Why This Happens in Real Systems

In modern operating systems, the stack is managed by a robust kernel with guard pages and strict abstractions. In Real Mode (16-bit), you are operating in a “wild west” environment:

No Memory Protection: Any instruction can overwrite any memory address, including the stack.
BIOS Non-Determinism: BIOS interrupts are written in assembly and are not guaranteed to be “transparent.” They may use the stack for their own internal logic, potentially clobbering values if the stack is too close to the code or data segments.
Segment/Offset Confusion: In 16-bit mode, memory is addressed via segment:offset. If ds or es are modified incorrectly during an interrupt, the lodsb instruction (which uses ds:si) will fetch data from the wrong physical memory location.

Real-World Impact

Silent Failures: The code does not crash with a “Segmentation Fault”; it simply produces incorrect output, making it incredibly difficult to debug without a hardware debugger or QEMU logs.
Unpredictable Bootstrapping: A bootloader that prints the wrong characters might appear to work on one machine but fail on another due to different BIOS implementations, leading to non-portable software.
System Instability: If the stack pointer is corrupted, the next ret instruction will jump to a random memory address, leading to a complete system hang or a reboot loop.

Example or Code (if necessary and relevant)

The faulty logic involves saving the entire state when only specific registers are needed, creating a dependency on the stack integrity.

print:
    pusha           ; Save ALL registers (AX, CX, DX, BX, SP, BP, SI, DI)
    mov ah, 0x0E    ; BIOS Teletype function
.loop:
    lodsb           ; Loads [ds:si] into AL and increments SI
    test al, al     ; Check for null terminator
    jz .done
    int 0x10        ; Call BIOS
    jmp .loop
.done:
    popa            ; RESTORES registers, but SI might be corrupted if stack shifted
    ret

How Senior Engineers Fix It

Senior engineers apply the Principle of Least Privilege to register management. Instead of saving everything, only save what is strictly necessary.

Selective Pushing: Instead of pusha, only push si and push di (or whatever is actually being used). This reduces the “surface area” for stack corruption.
Stack Isolation: Ensure the stack is placed in a known-safe memory region (like 0x7C00 or higher) and verify that the data segment (ds) is explicitly set to avoid lodsb fetching from the wrong segment.
Explicit Register Management: Avoid relying on the side effects of popa. If you need si to remain constant for a caller, manually save and restore it.

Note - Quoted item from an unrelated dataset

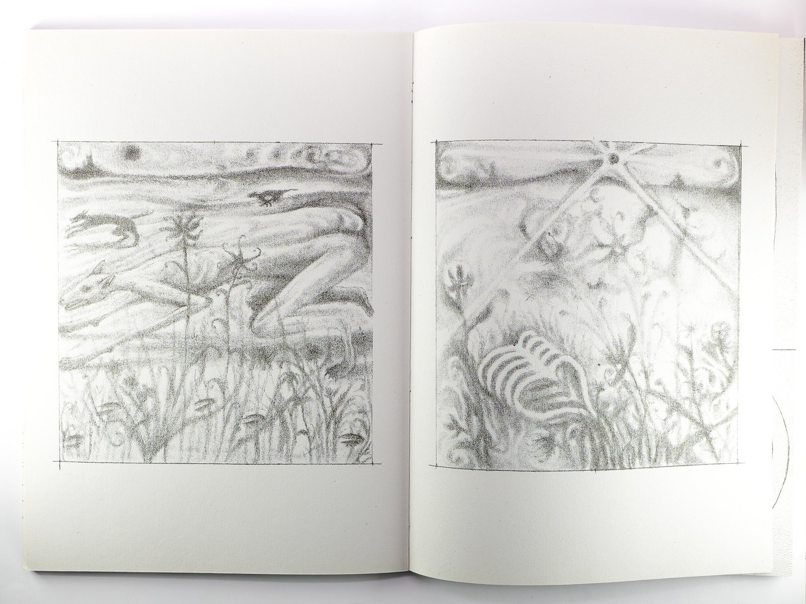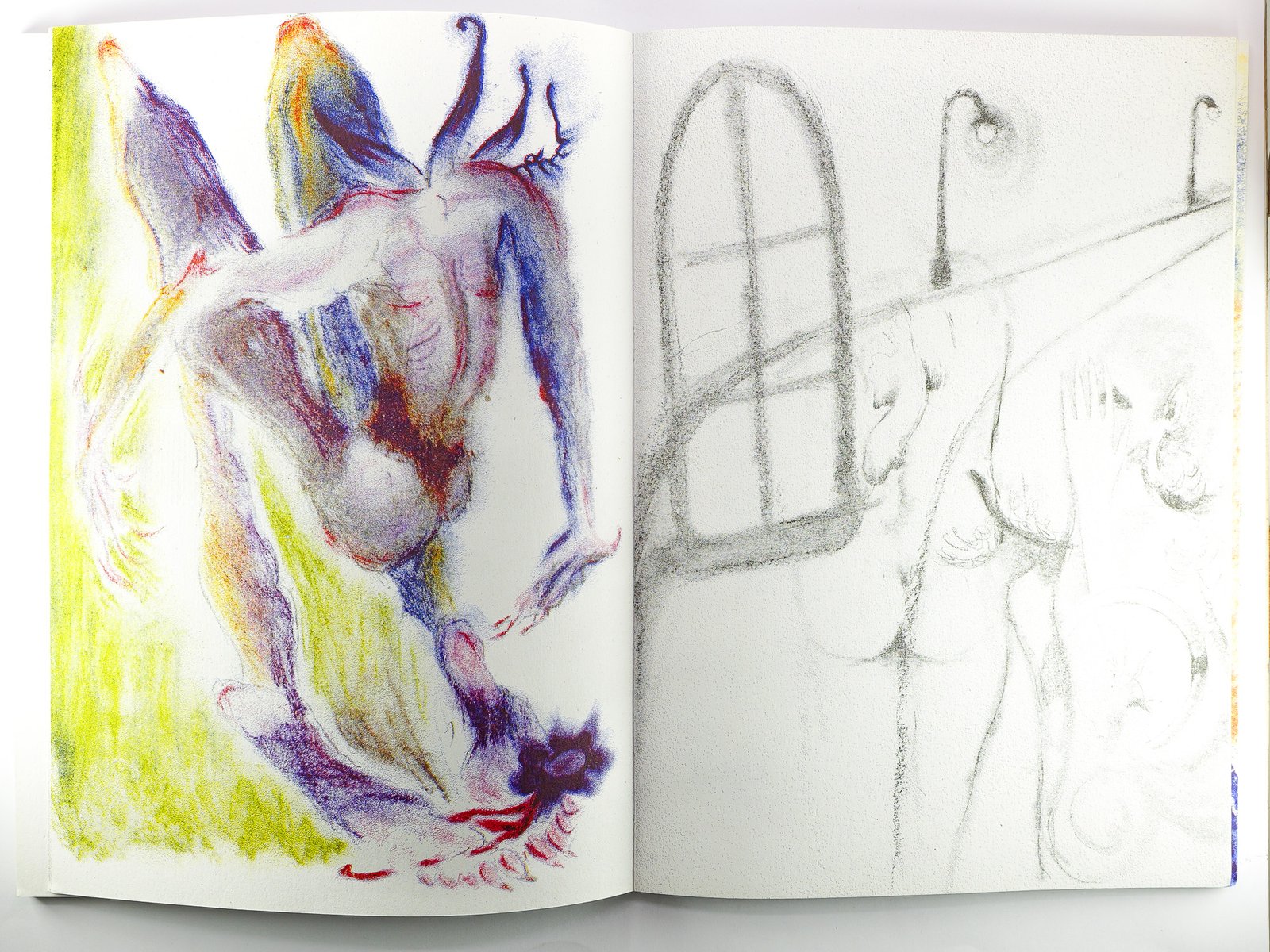Egregor entreteje dibujos, acuarelas, bocetos y anotaciones del dúo artístico, recopilando procesos gestativos de su obra escultórica y pictórica de los últimos años.
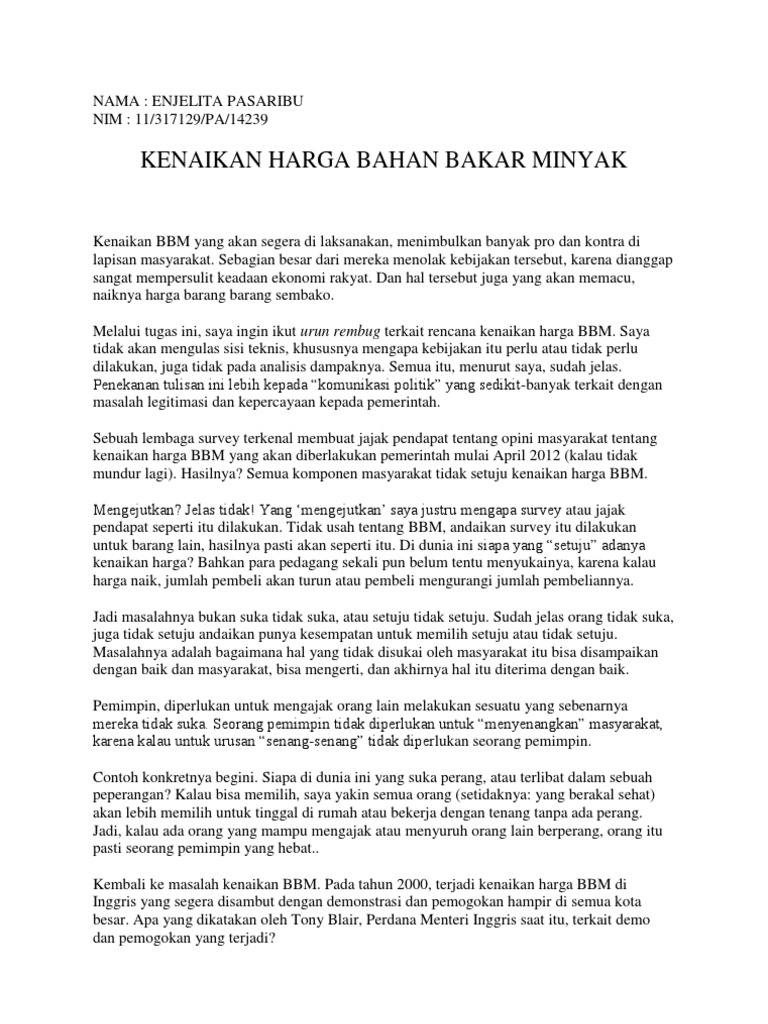 Salah satu masalah terbesar yang muncul dari dinaikkannya harga bbm adalah kekhawatiran akan terhambatnya pertumbuhan ekonomi karena dampak kenaikan harga barang dan jasa yang terjadi akibat komponen biaya yang naik. Berikut salah satu contoh adanya kenaikan harga barang produksi sebuah perusahaan. Kenaikan harga bahan bakar minyak (bbm) nonsubsidi atau jenis bbm umum (jbu) di sumatera utara (sumut) membuat. Bagi sesetengah pihak pula, janganlah. Saya juga berharap agar masalah kenaikan harga barang tidak akan membebankan tanggungan ibu bapa.

Corrected Implementation Pattern:

print:
    push ax         ; Only save what we actually change
    push dx
    push si
    mov ah, 0x0E
.loop:
    lodsb
    test al, al
    jz .done
    int 0x10
    jmp .loop
.done:
    pop si          ; Restore SI specifically
    pop dx
    pop ax
    ret

Why Juniors Miss It

Over-reliance on “Safe” Patterns: Juniors often see pusha/popa as a “magic bullet” to make functions re-entrant or safe, not realizing it creates a heavy dependency on the stack’s integrity.
Abstracted Thinking: Most programmers are used to high-level languages where the stack is an abstraction. They struggle to visualize the physical movement of the Stack Pointer during a BIOS interrupt.
Debugging Tool Gap: Juniors often debug using printf or high-level debuggers. In bootloader development, you must debug using register inspection (e.g., gdb with QEMU), which requires understanding exactly what si holds at every single clock cycle.